I overheard local news talking about a high school kid (or was he middle school? i forget) walking into a school police officer's office area and just stabbing him with a knife.

Stupid. The kid had issues I'm sure... but that's not the reason for this post...

Instead of employing any kind of knife defense disarm and restraining the troubled kid... he pulled out his gun and shot him. Notice I said "had issues" in the earlier sentence. Mhm... "He's dead, Jim."

I understand that if someone is coming at you to cut/stab the odds are pretty high that you're gonna be cut/stabbed before you even realize there's a knife. Panic, ok... I understand that... But it just seems that police officers could use some serious regular training and not just police academy.
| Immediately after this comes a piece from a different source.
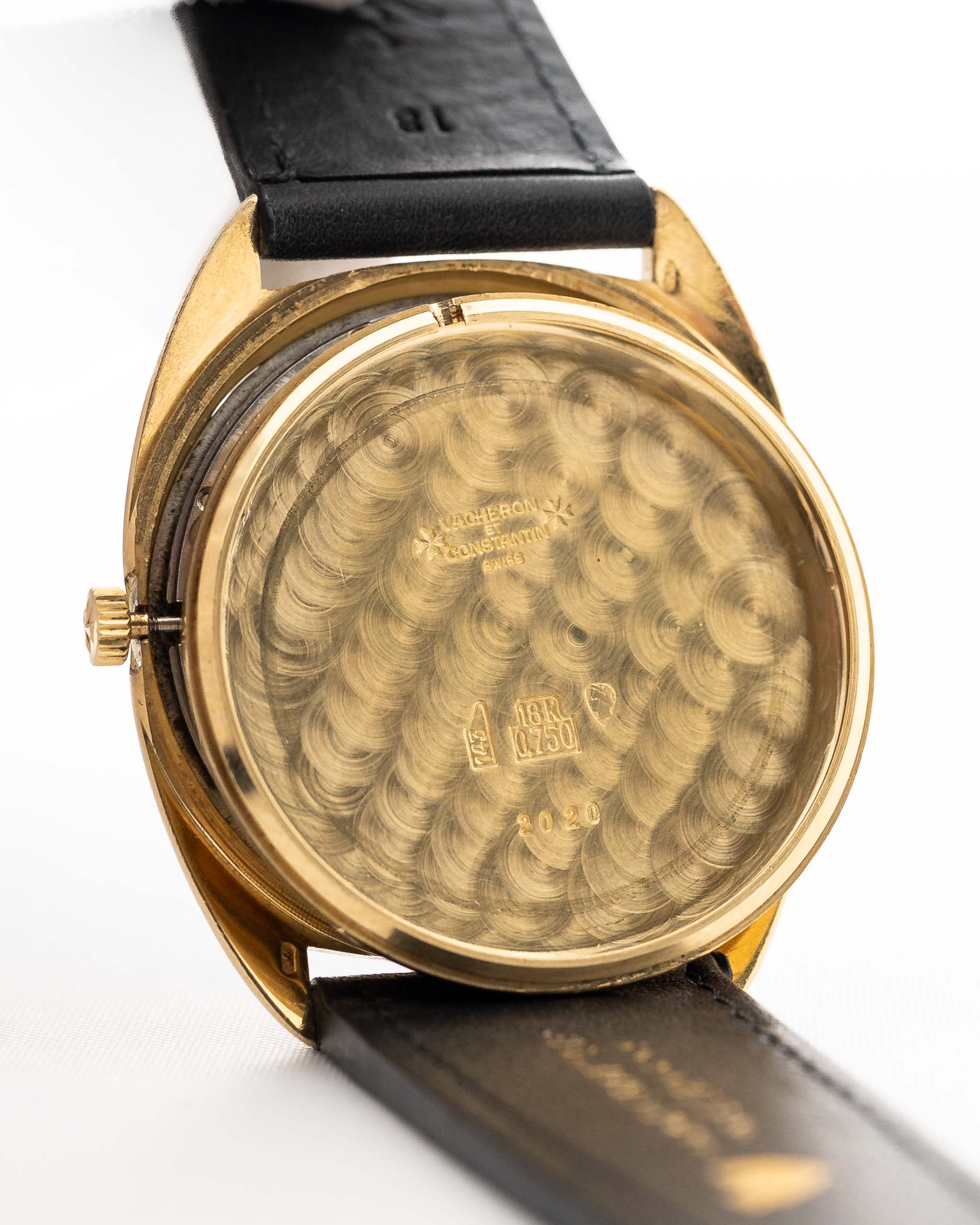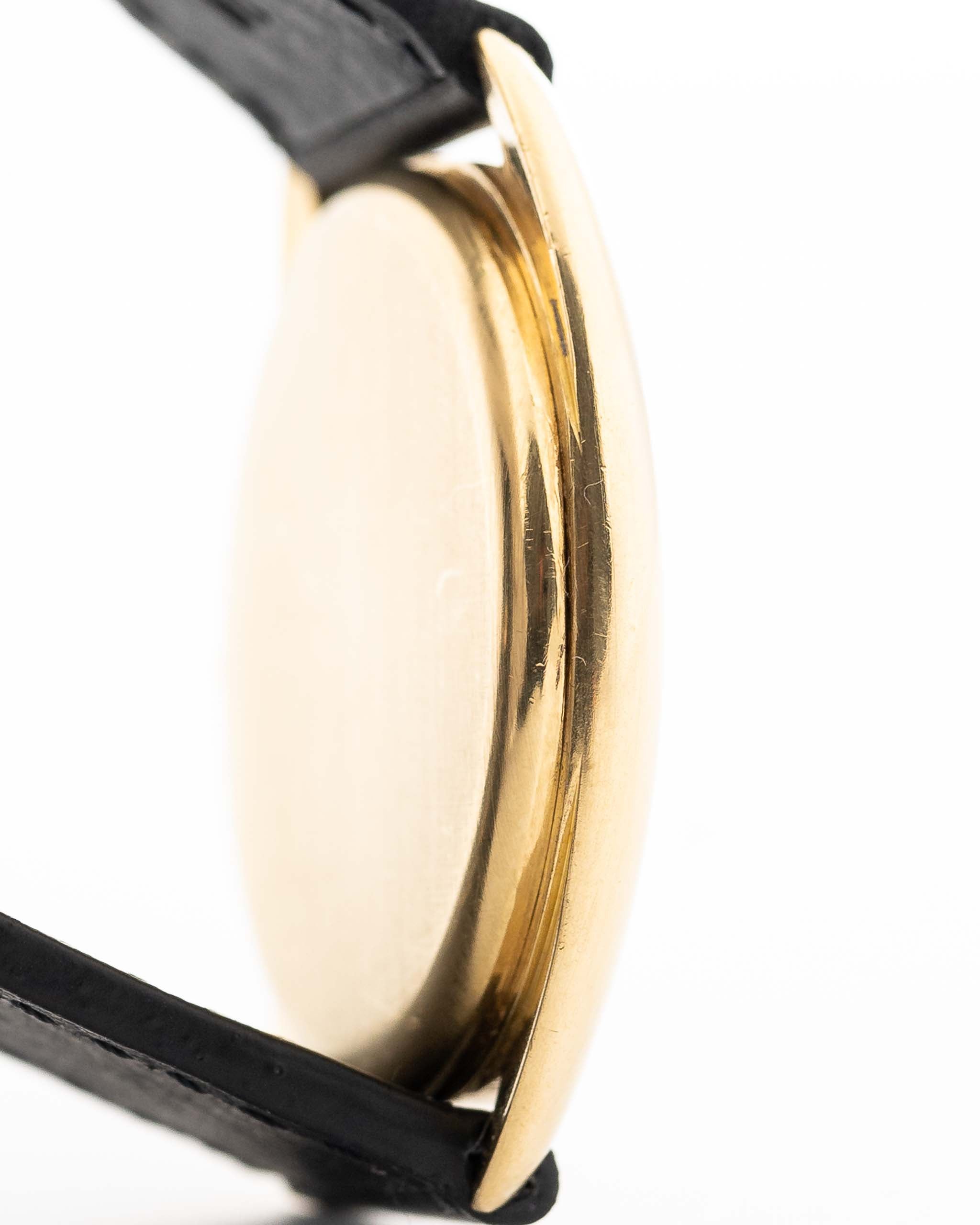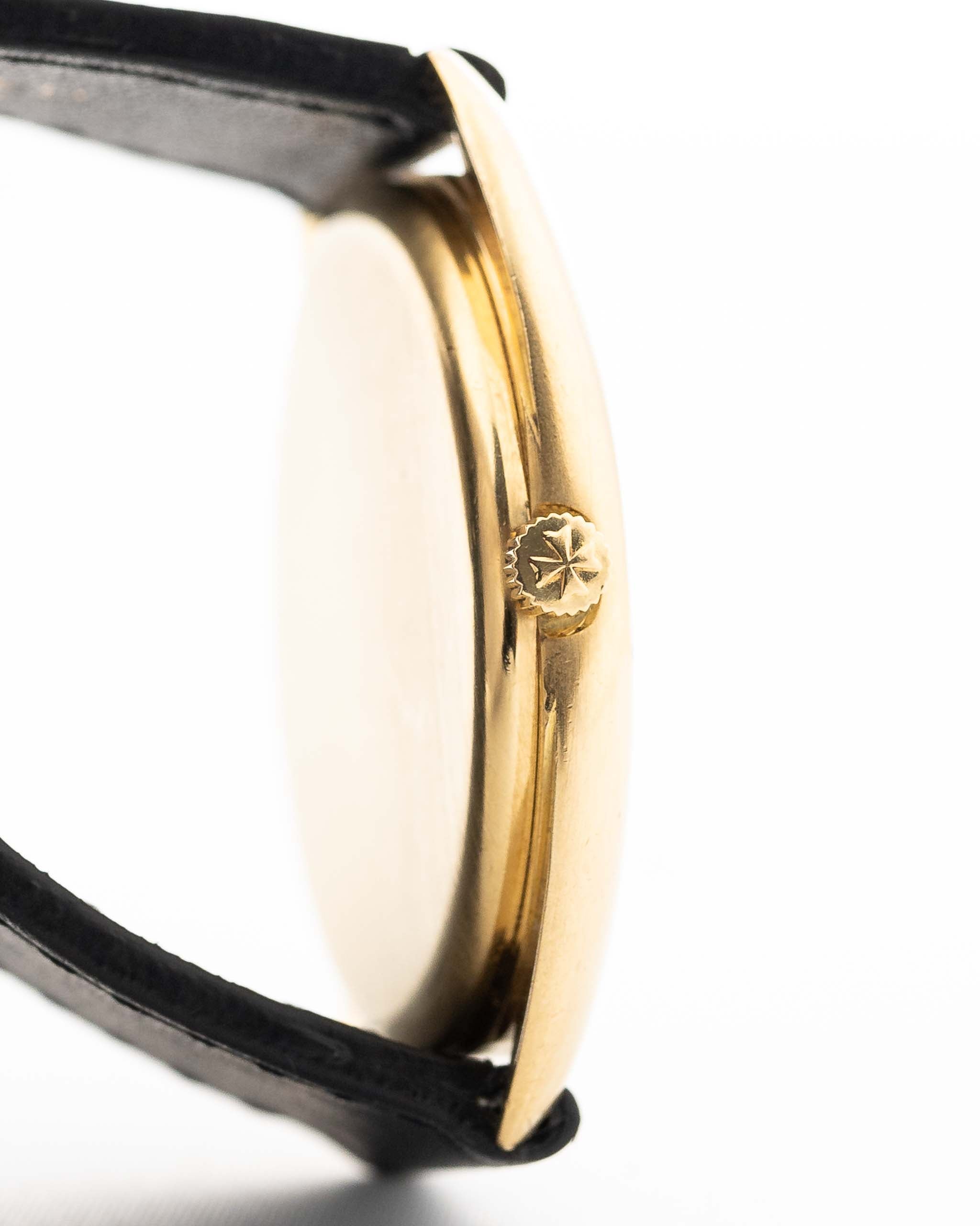 This Vacheron Constantin Ref. 2020 from the 1950s captures the charm of mid-century design with a bold twist: an elegant tonneau-shaped case in solid 18k yellow gold paired with a deep matte black dial — a combination rarely seen and effortlessly striking.

I wonder how often most cops do any kind of training for things like that. Every time one of my area instructors has offered seminars for local police no one ever shows up. It's like they think they know it all, or their gun is the only answer they'll ever need, or is it just the mentality of the police in my area, or... I don't know... I'm no cop, maybe I should be.

My point here being a life could have been saved, thrown in a correctional facility and maybe had a chance to do something with their life. Yeah, maybe a longshot, but still...

Any thoughts?


----------



## KenpoTex (Oct 17, 2009)

You're bringing up two different issues:
1. Cops don't train as much as they should. 
2. Was the officer's response appropriate?

The first topic (cops and extra training) has been covered extensively...do a search.

As to the second issue:
If the facts are as you stated (student attack police officer with knife, officer shoots student) then I think the situation ended exactly as it should.  A knife attack is a deadly force situation.  Attempting to respond with anything less than deadly force is foolish and only serves to heighten the risk.  What if the officer had tried to "disarm and restrain" the student and was unsuccessful?  If the student took out the officer (even if by luck alone), who would have stopped him from attacking and possibly killing others?

All I can really say without more info...got a link to the story?


----------



## Jade Tigress (Oct 17, 2009)

KenpoTex said:


> All I can really say without more info...got a link to the story?




Found this.


----------



## Bill Mattocks (Oct 17, 2009)

Jade Tigress said:


> Found this.



Thanks!  Based on that limited information, we don't know much about what happened yet.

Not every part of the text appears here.